L'un des objectifs affichés est ainsi de créer un véritable « marché du crédit adossé aux capacités de calcul de Nvidia », a souligné de son côté David Solomon, président-directeur général de Goldman Sachs. « Nous sommes à un moment charnière d'un cycle d'investissement historique dans l'IA », estime-t-il. Ces financements de longue durée doivent s'appuyer sur les revenus générés par l'utilisation des infrastructures. Les établissements financiers conserveront toutefois la main sur les décisions : selon Jensen Huang, chaque opération sera analysée indépendamment en fonction du client, de la demande, de l'utilisation, des flux de trésorerie et de la valeur résiduelle des équipements.

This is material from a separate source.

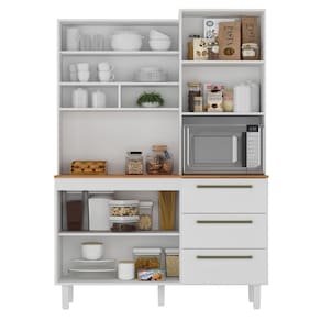 O Kit Absoluto possui design moderno e qualidade única, o móvel ideal para sua cozinha. Possui cinco portas, sendo duas com vidros "Reflecta bronze" que deslizam suavemente sobre trilhos, e outras três portas de abrir, três gavetas com corrediças telescópicas que proporcionam maior abertura e facilidades na utilização. Também conta com três prateleiras internas, excelente espaço para armazenagem de produtos e utensílios, espaço para micro-ondas, e pés com regulagem de altura Acabamento da Prateleira: Pintura UV Escala de Brilho da Prateleira: Fosco Acabamento da Gaveta: Pintura UV Escala de Brilho da Gaveta: Brilhante Material do Puxador da Gaveta: Plástico Acabamento da Porta: Pintura UV Escala de Brilho da Porta: Brilhante Acabamento dos Pés: Polipropileno Acompanha Tampo: Sim Altura dos Pés: 17 cm Ambiente Principal: Cozinha Complexidade da Montagem: Alta: deve ser montado por um montador especializado Cor: Branco Cor do Produto: Branco Cor Interna: Branco Escala de Brilho: Fosco Espessura do Material da Estrutura: 15 mm Espessura do Tampo: 15 mm Gaveta com Chave: Não Informações Complementares: Fabricado com painéis de madeira reflorestada e certificada Itens Inclusos: 1 Armário, jogo de ferragens e manual Linha ou Coleção: Absoluto Manual de Montagem e Instalação: https://product-hub-prd.madeiramadeira.com.br/909017/documents/feab6a6e-6534-4939-adcc-ada61b1f2cad09e48657062208730503manual.pdf Material da Dobradiça/Corrediça da Porta: Metálica Material da Gaveta: MDP Material da Porta: MDP Material da Prateleira: MDP Material do Tampo: MDP Material dos Pés: Polipropileno Necessita Montagem: Sim O Balcão Acompanha Pia: Não Origem do Produto: Nacional Pés Reguláveis: Sim Peso: 73 kg Peso Máximo por Gaveta: 3 kg Peso Máximo por Prateleira: 3 kg Possui Pés: 05 Possui Portas: Sim Possui Prateleiras: Sim Possui recorte para Cooktop: Não Possui Rodízio: Não Possui Vidro: Sim Recomendações de Uso, Manutenção e Limpeza: Limpar com flanela ou pano macio seco, não utilizar produtos abrasivos, desengordurantes, álcool ou qualquer outro produto químico. Não expor o produto diretamente à luz solar e à umidade Sapatas Niveladoras: Não Sistema de Montagem: Parafusos auto atarraxantes, cola, cavilhas, pregos Suporta Até (kg): 45 kg Tamanho Indicado da Pia: 00 Tipo de Corrediça da Gaveta: Metálica Telescópica Tipo de Dobradiça da Porta: 35 mm Tipo de Puxador da Gaveta: Externo Tipo de Puxador da Porta: Externo

Les géants de la finance en renfort
Les dirigeants des six institutions financières mettent en avant les atouts qu'ils entendent mobiliser. « La combinaison de l'écosystème technologique propriétaire de Nvidia et de la base de capitaux flexible et de long terme d'Apollo constitue une base solide pour accompagner la prochaine étape du déploiement de l'IA », estime Jim Zelter, président d'Apollo. Larry Fink, président-directeur général de BlackRock, souligne de son côté la capacité du gestionnaire à « relier les capitaux de long terme aux infrastructures essentielles ». Chez KKR, Joe Bae et Scott Nuttall mettent en avant le capital de longue durée du groupe, son expertise des infrastructures et ses capacités sur les marchés de capitaux. « À mesure que nous avons développé notre approche des infrastructures numériques, nous avons appris que le plus difficile n'est pas l'ambition, mais la réalisation », observent les deux co-directeurs généraux. Goldman Sachs évoque enfin, par la voix de David Solomon, ses rôles d'investisseur et de distributeur.

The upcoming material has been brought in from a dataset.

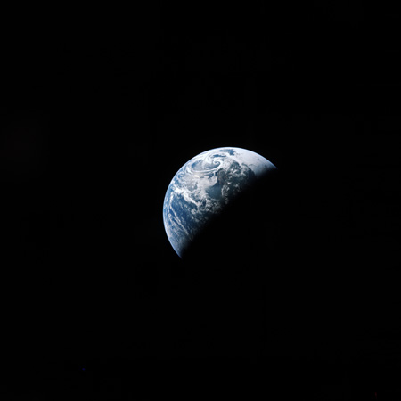 173:36:47 Cernan: Looks like we won't catch you this time, Charlie, but that big low-pressure cloud so very distinctive over the Alaskan area, Aleutian area is very distinctive to us with the naked eye. We can't quite get it for you out the hatch window at this time, as we're going.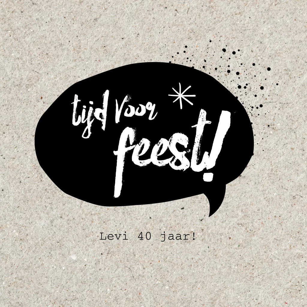 Uitnodiging voor een 40e verjaardag met kraft kleurige achtergrond en zwarte tekst ballon. (23596)

Un puissant relais pour l'écosystème Nvidia
Nvidia n'agit évidemment pas en intermédiaire désintéressé. Ces plateformes doivent soutenir la croissance de son écosystème, à la fois en favorisant ses ventes de matériel et l'adoption de ses logiciels. En facilitant l'accès de ses clients aux capitaux nécessaires pour déployer davantage de capacités de calcul, il contribue donc aussi à élargir le débouché pour ses propres technologies. Le groupe pourrait en outre, dans certains cas et projet par projet, apporter un mécanisme de soutien à la valeur résiduelle représentant jusqu'à 25 % d'une opération.

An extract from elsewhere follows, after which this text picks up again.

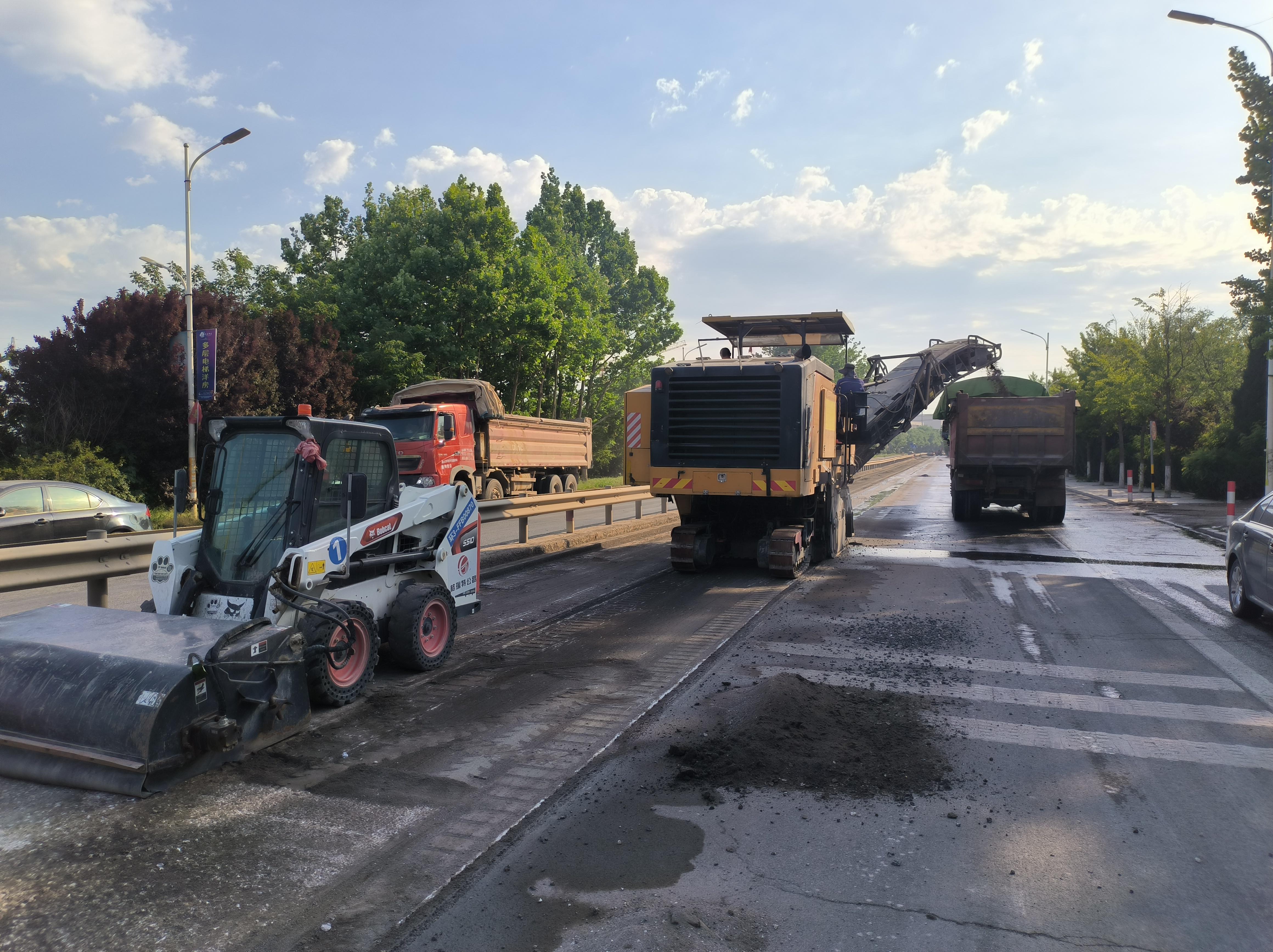 牟平公路中心相关负责人介绍,该路段多为山区公路、临水临崖及穿村路段较多,为避免影响端午节假期间市民出行,在保证安全、质量的前提下,协调路面与交安单位的交叉施工,保证工序有序衔接。节前,项目办邀请交警部门进行交工预验收,做到“封闭一段,完工一段,通车一段”,确保满足安全通车条件,在放假期间临时开放交通。 假日不松劲,迎战高温拉满进度条 9日上午,记者来到S308烟栖线福山段路面改造工程一合同段施工现场。数台大型设备开足马力、加紧施工,建设者们争分夺秒、铆足干劲。抓进度抢工期,公路人以高涨的工作热情,掀起了大干快干的热潮。 “项目是5月中旬开工的,今天一合同段正在进行路面铣刨,明天正式开始沥青摊铺环节。”福山公路中心养护科科长董学德告诉记者,“其实今天对于我们施工来说还不算热,等明天铺设沥青时,才是真的热”。据介绍,沥青出厂时的温度达到160—170℃,现场摊铺碾压时应不低于120℃。如果摊铺时温度偏低,碾压时压实度不足,工程质量就没有办法保证,所以高温天气是沥青摊铺的有利时机。目前,该路段已完成投资约600万元,占投资金额的12%,力争7月份完工通车。

L'ampleur réelle du dispositif reste toutefois à confirmer. Les 500 milliards de dollars ne correspondent ni à des fonds déjà levés ni à des montants engagés, mais à un objectif agrégé de capitaux tiers à mobiliser au fil du temps. Les six partenariats reposent encore sur des protocoles d'accord et restent soumis à la signature de contrats définitifs, sans calendrier précisé.